Would You File Bankruptcy?

Girl Mom. 🎀 • Mama bear of two!

Due to complications from a very high risk delivery, I got extremely sick after the birth of my daughter. I could not return to work when my 6 weeks of maternity leave was up, so I was released from my job. I ended up being “down” for almost 5 months and it crushed us financially. My husband’s paychecks would be wiped out by the mortgage, car payment, water and power. We relied heavily on credit cards for food, gas, diapers and even formula. The credit card debt added up quickly but we had no other source of help for food or diapers. At the time it was our only option and we do regret it.

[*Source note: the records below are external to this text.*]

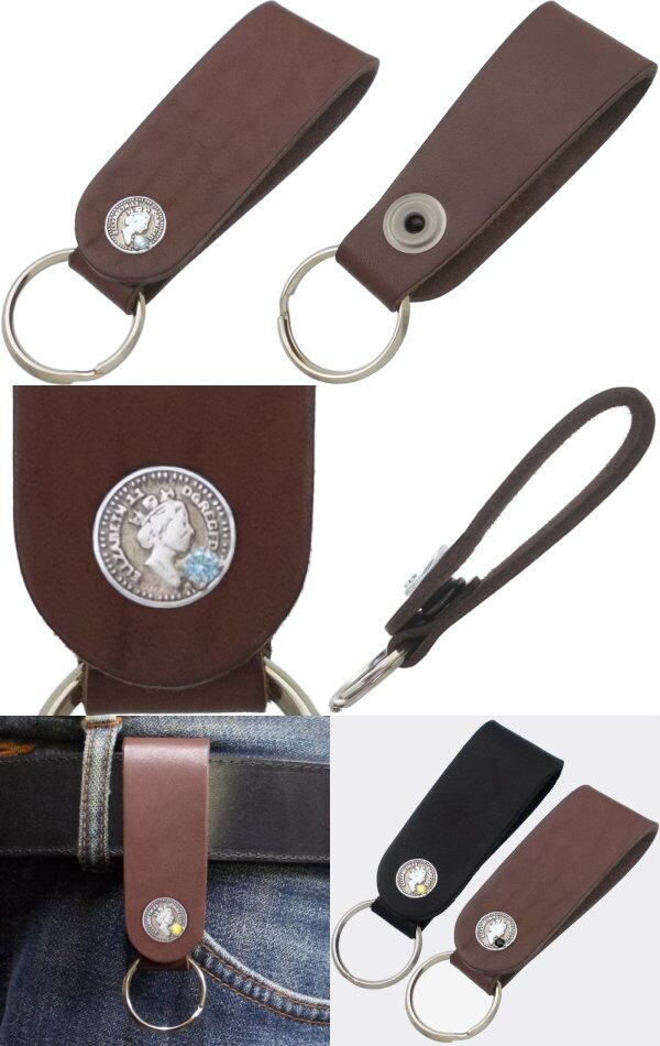 ★エリザベス女王のシルエットの小さめコインモチーフのサドルレザー製キーホルダー。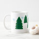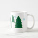 Pinheiros em dois tamanhos (3 grandes, 2 menores ao fundo). Árvores verdes têm flocos de neve azuis caindo no céu acima.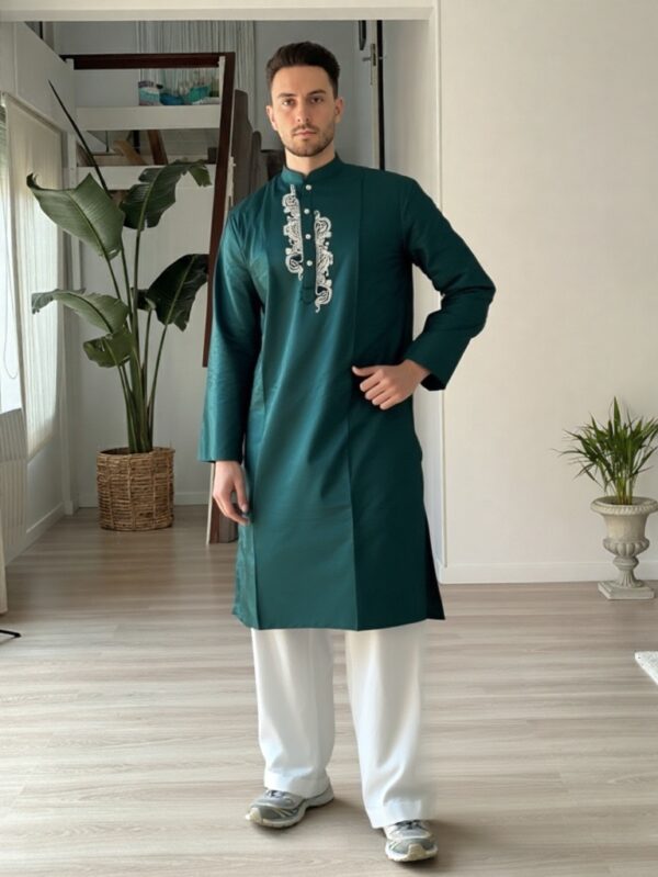 Gents kurta-Uparna-Silk-(DarkGreen)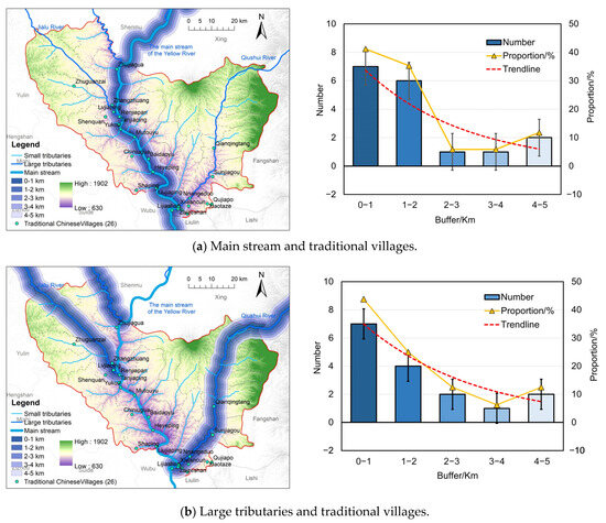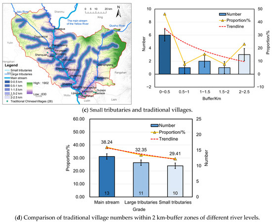The relationship with the water system is significant (Figure 8). Based on the size of their drainage areas and the scale of water flow, water systems can be divided into three types, that is, the main stream of the Yellow River, major tributaries, and minor tributaries. The study revealed that there are 17 traditional villages within a 5 km range along the main stream of the Yellow River, with the highest concentration and largest number of villages found within the 0–1 km range. Along the major tributaries within a 5 km range, there are 16 traditional villages, with 7 villages (43.75% of the total) clustered within the 0–1 km range, while only one village is present in the 3–4 km buffer zone. In the areas located 2.5 km away from small tributaries, there are 13 traditional villages, with 6 villages (50.00% of the total) distributed within the 0–0.5 km range, showing the highest proportion. The statistical data indicate that the closer the villages are to the river channel, the more traditional villages there are, illustrating a trend of villages’ preference for proximity to water and a greater tendency to be distributed along the main stream of the Yellow River. The number of traditional villages in each buffer zone decreases with the increasing distance from the river channel. Areas closer to water sources are more convenient for supplying water and irrigation. This indicates a close correlation between site selection and the layout of traditional villages and networks of waterways and rivers.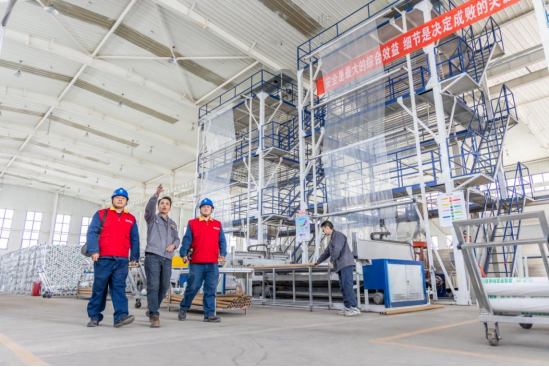 走进生产车间,5条全自动化生产线上,制膜设备轰鸣作响,工人们正忙着收卷、称重、包装,一卷卷吹塑成型的地膜被整齐堆码在一起,一派繁忙景象。甘肃省星联塑业有限公司是一家专注生产“高强度高耐候易回收地膜(高堡膜)”,利用获中国发明专利金奖的“基于拉伸流变的高分子材料塑化输运方法及设备”(简称ERE技术)研制而成,是打造地膜生产、回收清洁造粒、高值化再利用循环产业链的企业,可有效解决地膜行业因“难以回收、收而无用”带来的白色污染难题。

I ended up getting another job at a significant pay cut, but less money was better than no money at that point. We soon found that my paychecks were paying daycare and debt only. It became frustrating that even though I was working again - there was no money. After daycare and paying even the minimum on credit cards we were flat broke and stuck in the hole. It didn’t help that 5 months into that job the company decided to close and me - along with others - were let go. I found myself back to square one and unemployed.

Depression got a lot of me. I felt like a failure as a partner and co-provider for our family. I felt like I couldn’t do my part and somehow getting sick was my fault and that if I hadn’t have had a bad delivery we’d still be okay. I blamed a lot of things on myself that were out of my control. During this time I also did a lot of research into consolidation loans, refinancing, etc. but on one income most places wouldn’t touch us due to the debt-to-income ratio. We felt totally stuck.

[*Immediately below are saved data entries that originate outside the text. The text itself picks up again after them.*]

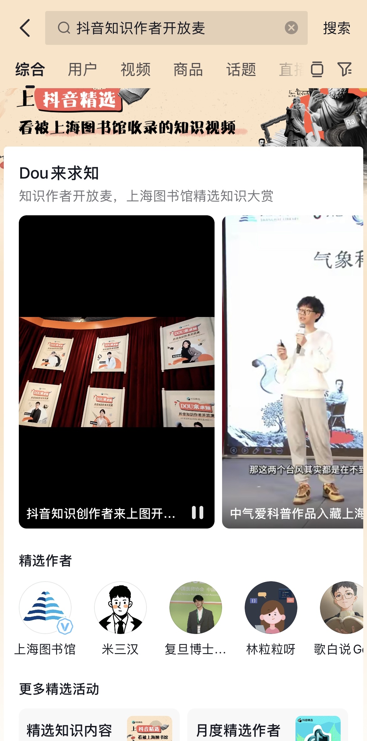 这些被上海图书馆收录的抖音知识精选作品和抖音知识作者开放麦的内容,也可以在抖音搜索查看啦!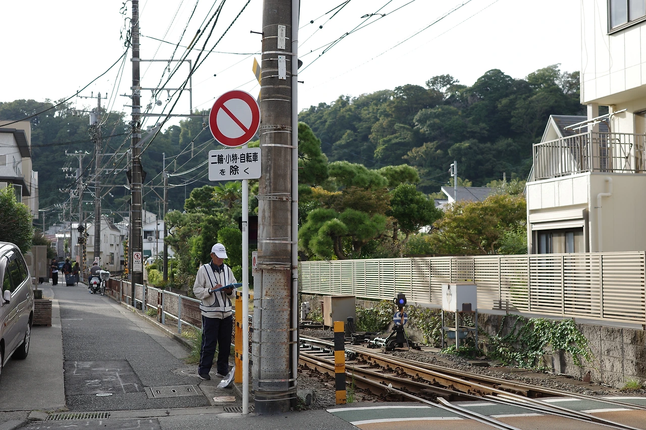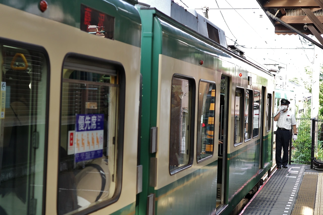 십여분이 지나고 도착한 작은 에노덴 전철. 초록과 베이지의 색 조합이 특징인데, 기관사께서 직접 나와 승객들의 탑승 여부 등을 확인하는 모습이다.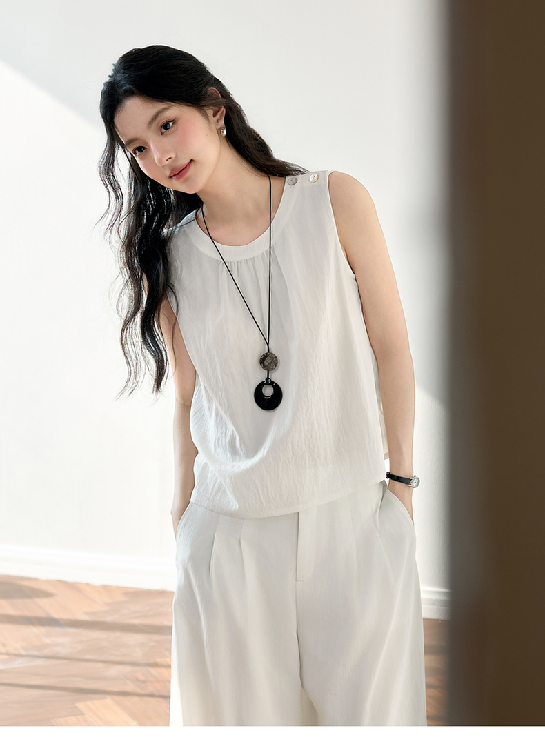 【严选】诗凡黎山本风圆领衬衫2025夏新款慵懒度假轻熟风气质小上衣女7G4320531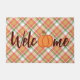 Modern farmhouse country cottage style doormat with cute orange harvest pumpkin Welcome wordart quote text on a fall season warm orange coloured gingham plaid check pattern.
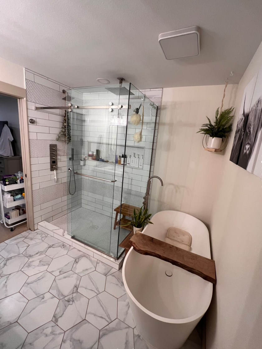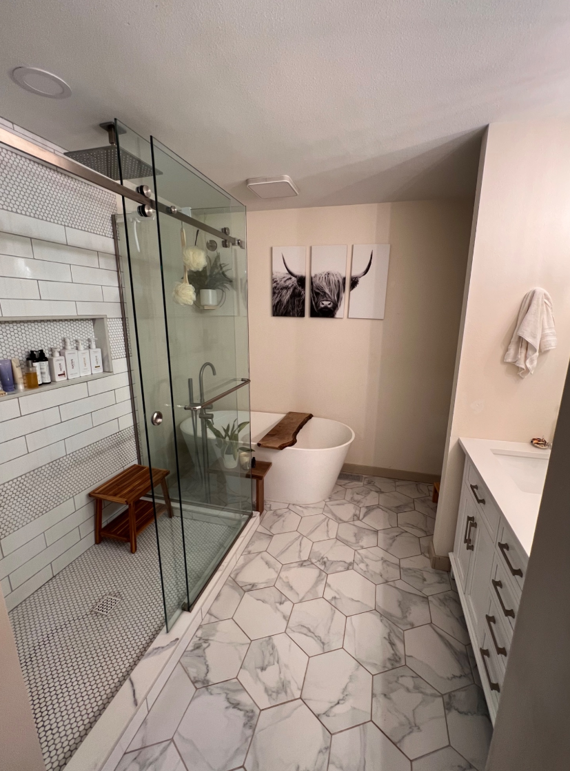 This bathroom remodel project focused on transforming a dated, enclosed layout into an open, functional, and luxurious space. The client’s primary goal was to improve flow and bring a modern feel to the room through thoughtful reconfiguration and updated finishes.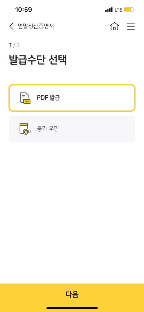 핸드폰에서 KB스타뱅킹 앱을 실행한 뒤, 전체 메뉴 > 금융편의 > 증명서 발급으로 들어가면 연말정산증명서 항목이 보입니다. 여기에서 주택청약종합저축 계좌를 선택하고 연도를 맞춰주면 바로 PDF, 이메일, 팩스 등 원하는 방식으로 발급이 가능합니다.

Eventually my work situation did get better. I found work again but here we are in the never ending pit of me paying for daycare and debt. I still struggle with feeling like I’m failing. The anxiety of choosing between paying a credit card to avoid collections and keeping the lights on is agonizing. Even though we both work decent jobs the debt is drowning us. There are many days where it feels inevitable. We budget for groceries, the mortgage, the car payment, diapers/kid needs, but budgeting the debt has become this never ending wheel. I make any cuts where I can but when the credit card payments are almost as much as the mortgage it’s embarrassing.

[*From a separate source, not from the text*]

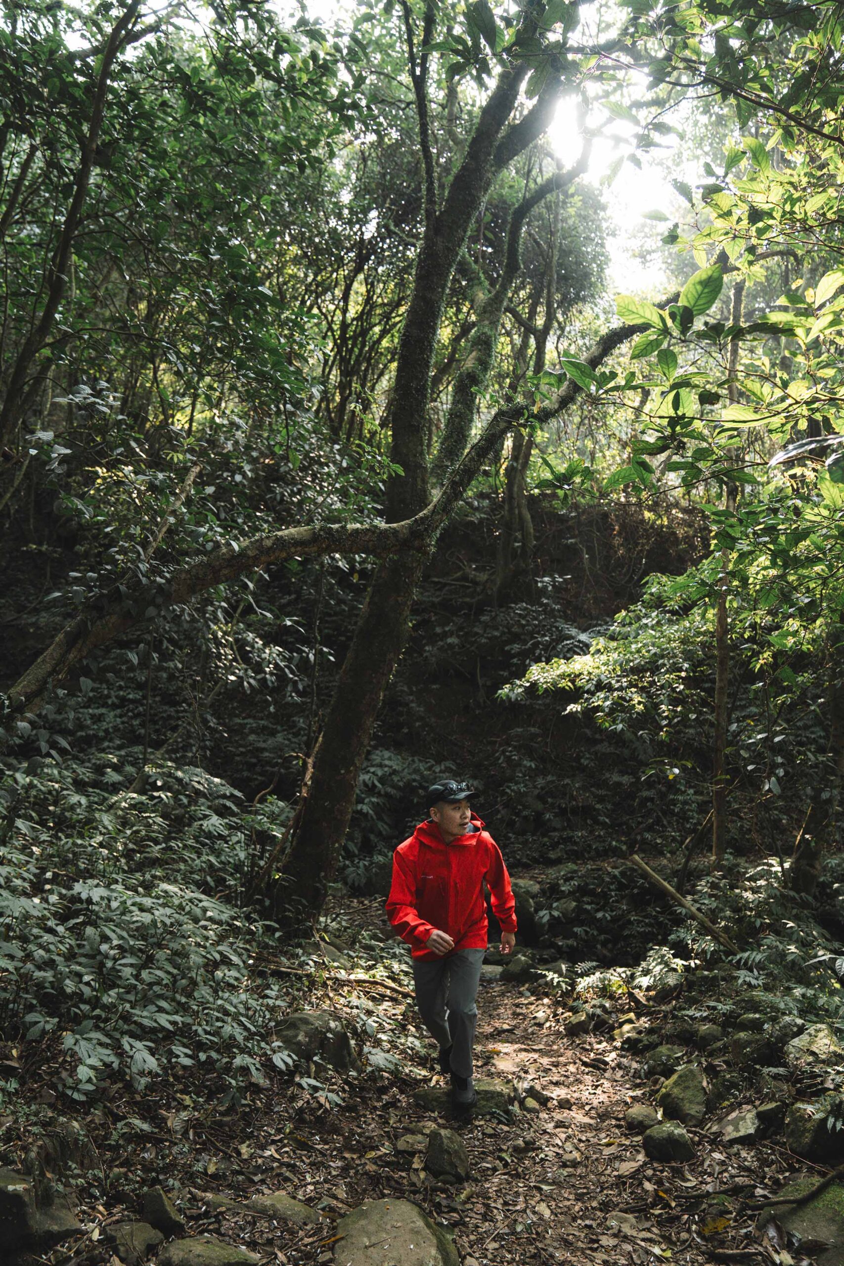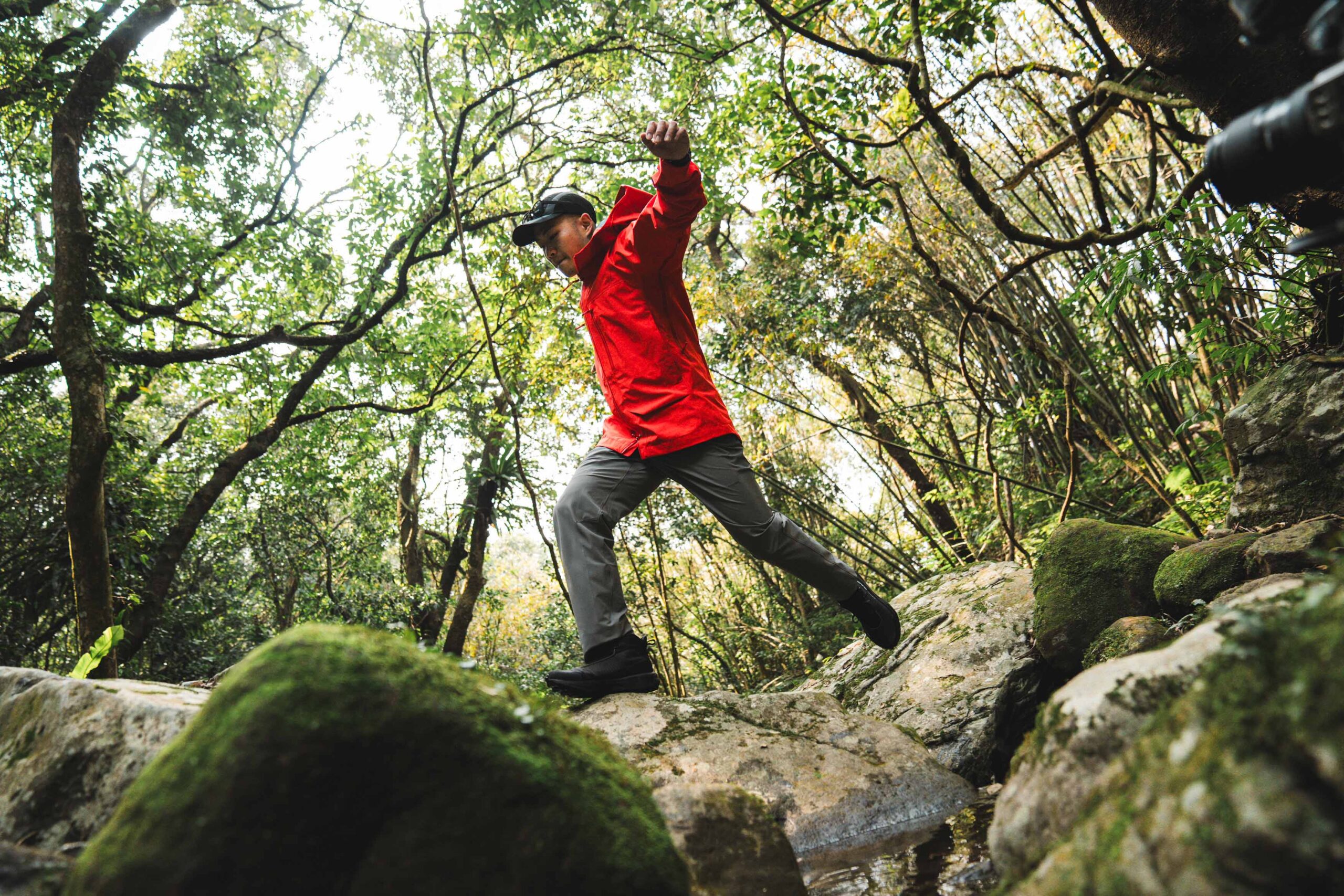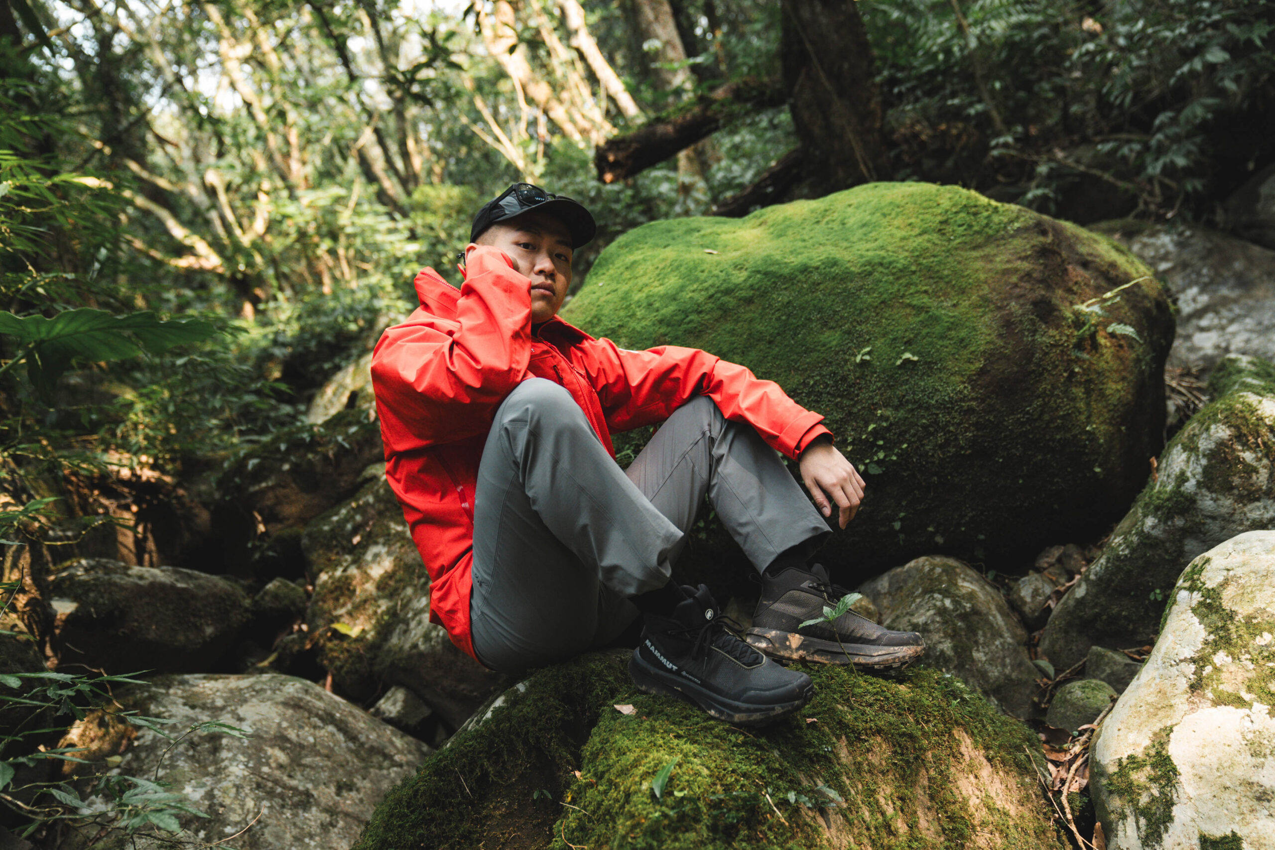 說到扭傷、滑倒,子安有感而發:「像我今天穿的 Aenergy Mtn Mid GTX 登山鞋,中筒設計剛好可以穩定腳踝,對容易扭傷的人來說真的很重要。而且它的抓地力很好,無論是溼滑泥濘樹根路,或是顛簸的原始步道,都能穩定支撐我的步伐。」

WE TAKE FULL RESPONSIBILITY for what happened. We know we should have found another way to feed the family when I was sick. We are not trying to run from our debt. We know we bit off more than we could chew and take full responsibility for it. We really are just desperate to get our lives back and have a fresh start. We want to be able to breathe again and not be broke as soon as the boss hands us a check. We want to learn from our mistakes without struggling to choose between paying a debt or buying the kids new shoes that they need.

So, with all this being said. Would you file bankruptcy if you felt the other debt options didn’t work for you? I am honestly not worried about my credit score. We can work on that with time. I’m more worried about continuing to drown and not get anywhere, so that’s why I’ve come here for advice.